最近、試写会で会った友人に「ブログに映画のことばかり書いていますね」と言われた。夏休みでまとめて映画を見ているからだが、本や美術展と違って映画はすぐ書かないと忘れてしまう。だから見た翌日に書いているので、最近は映画ばかりという次第。そこで今日はオリンピックについて、(見ていないが)書く。

日本のメダルが史上最多という。もらった本人は嬉しかろうが、自分の国のメダルの多さを嬉しがる気持ちは私にはわからない。それはさておき、国別メダル数のリストを見ていて、おもしろいことに気がついた。

金メダル数を基準にした朝刊のリストをじっくり見る。1位が米国、2位が中国で、だいたい国別GDPに近いだろうと思った。ところがそうではない。GDPリストをネットで見ると、ロシアはメダルは4位(金24個)だが、GDPは11位。韓国はメダル5位でGDP15位。ハンガリーはメダル9位(8個)でGDP57位。カザフスタンはメダル12位(7個)でGDP52位。ウクライナはメダル14位(6個)でGDP54位。キューバはメダル15位(5個)でGDP未発表。イランはメダル17位(4個)でGDP未発表。北朝鮮はメダル20位(4個)でGDP未発表。

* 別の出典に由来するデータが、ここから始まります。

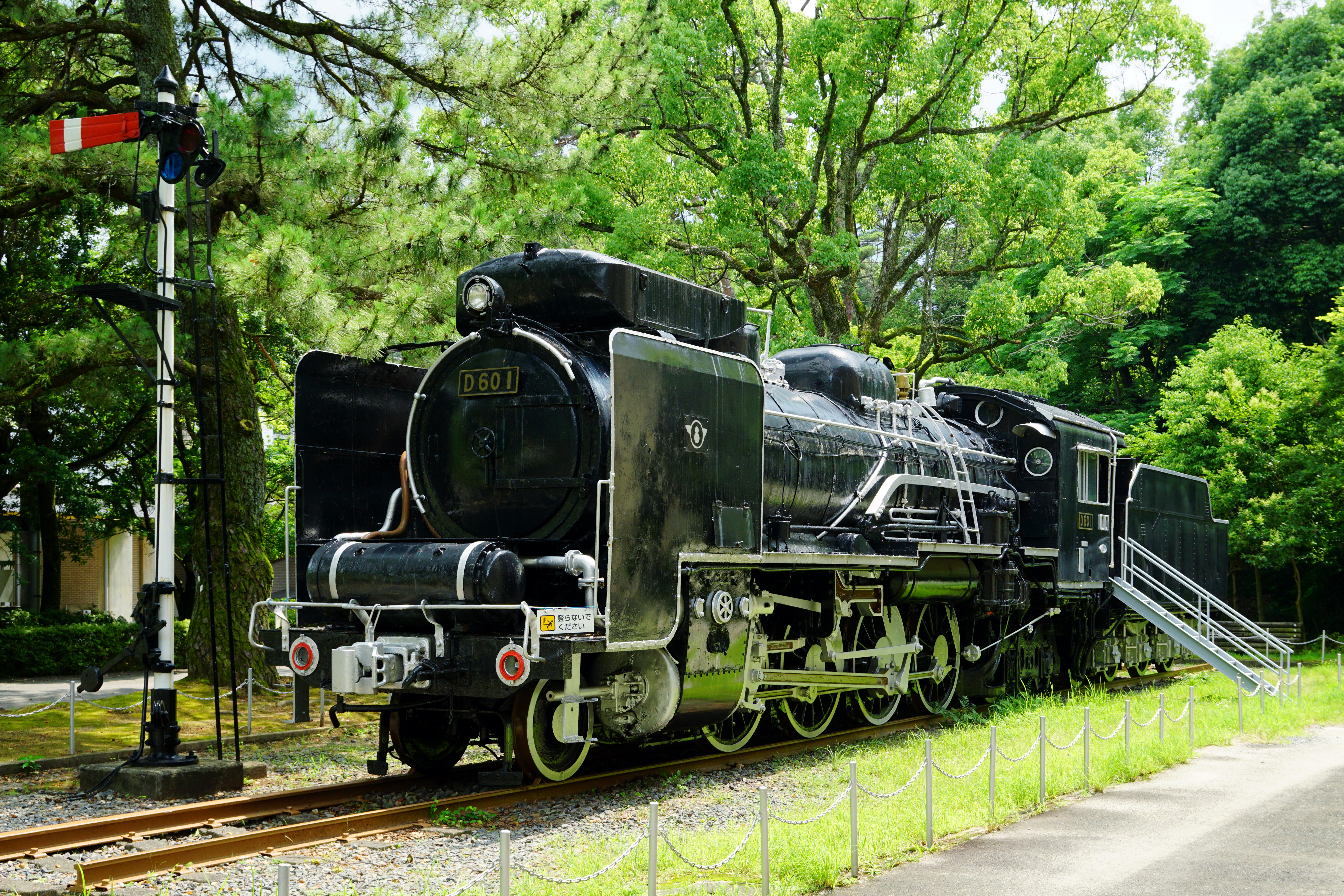 Preserved Class D60 steam locomotive D60 1 at the Yamaguchi Prefectural Yamaguchi Museum in Yamaguchi, Yamaguchi Prefecture, Japan

だいたいわかってきた。資本主義が栄えている国でなかったら、共産圏、元共産圏、あるいは独裁国である。つまり格差や差別の激しい国がメダルをたくさん取っている。中国は、そのすべての要素を備えている。旧共産圏は、東西対立が終わってもメダルを目指すクセが直らないのだろうか。どちらにしても、メダルをめざす国なんてロクなもんじゃない気がしてきた。

じゃあ、GDPが高くてメダルの少ない国はというと、カナダがGDP9位でメダル36位(金1個)。インドGDP10位でメダル55位(0個)。インドネシアGDP18位、メダル63位(0個)。スイスGDP19位、メダル33位(2個)。究極はスェーデンでGDP22位、メダル全くなし。なんとなく住み良さそうな国が並んでいる。本当のところはわからないけど。

オリンピックは21世紀にはふさわしくない気がしてきた。でもこういう発散がないと、勢い余った国は核兵器を飛ばすかもしれないから、抑止力になっているのかもしれないが。